Programming Tip: Another option, instead of using 3 full bytes for the answer, is to use 2 bytes (16-bits) for the answer, and the carry bit ( C ), to hold the 17th bit. This is perfectly acceptable, and probably even preferred. The more advanced programmer will understand and recognize this option, and be able to make use of it. However, since this is an introduction to 16-bit mathematics it is our goal that the answer produced by the routines be in a form that is easy for the reader to utilize, once calculated. It is our belief that this is best achieved by leaving the answer fully expressed in 3 8-bit values.

Let's consider adding the following two decimal values: 6724 + 8923. The answer is, of course, 15647. How do we go about adding these values with the 8051? The first step is to always work with hexadecimal values. Simlply convert the two values you wish to add to hexadecimal. In this case, that is equivalent to the following hexadecimal addition: 1A44 + 22DB.

How do we add thes two numbers? Let's use the exact same method we used in primary school, and in the previous section:

 . 256's 1's . 1A 44 + 22 DB = 3D 1F
First, notice the difference. We are no longer working with a 1's, 10's, and 100's columns. We are just working with two columns: The 1's column and the 256's column. In familiar computer terms: We're working with the low byte (the 1's column) and the high byte (the 256's column). However, the process is exactly the same.

First we add the values in the 1's column (low byte): 44 + DB = 11F. Only a 2-digit hexadecimal value can fit in a single column, so we leave the 1F in the low-byte column, and carry the 1 to the high-byte column. We now add the high bytes: 1A + 22 = 3C, plus the 1 we carried from the low-byte column. We arrive at the value 3D.

Thus, our completed answer is 3D1F. If we convert 3D1F back to decimal, we arrive at the answer 15647. This matches with the original addition we did in decimal. The process works. Thus the only challenge is to code the above process into 8051 assembly language. As it turns out, this is incredibly easy.

We'll use the following table to explain how we're going to do the addition:

 . 65536's 256's 1's . R6 R7 + R4 R5 = R1 R2 R3
Since we're adding 16-bit values, each value requires two 8-bit registers.
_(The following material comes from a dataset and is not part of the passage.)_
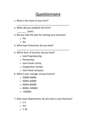 This document is a 12 question questionnaire for a business owner that asks for information such as the name of their firm, year established, business type, legal structure, annual income, number of departments, tax payment practices, customer billing practices, social responsibilities, employee bonuses, product returns, and loan preferences for high investments.

Essentially, the first value to add will be held in R6 and R7 (the high byte in R6 and the low byte in R7) while the second value to add will be held in R4 and R5 (the high byte in R4 and the low byte in R5). We will leave our answer in R1, R2, and R3.

Programming Tip: Remember that we mentioned above that the sum of two 16-bit values is a 17-bit value. In this case, we'll using 24-bits (R1, R2, and R3) for our answer, even though we'll never use more than 1 bit of R1.
Let's review the steps involved in adding the values above:

1. Add the low bytes R7 and R5, leave the answer in R3.
2. Add the high bytes R6 and R4, adding any carry from step 1, and leave the answer in R2.
3. Put any carry from step 2 in the final byte, R1.
We'll now convert the above process to assembly language, step by step.

Step 1: Add the low bytes R7 and R5, leave the answer in R3.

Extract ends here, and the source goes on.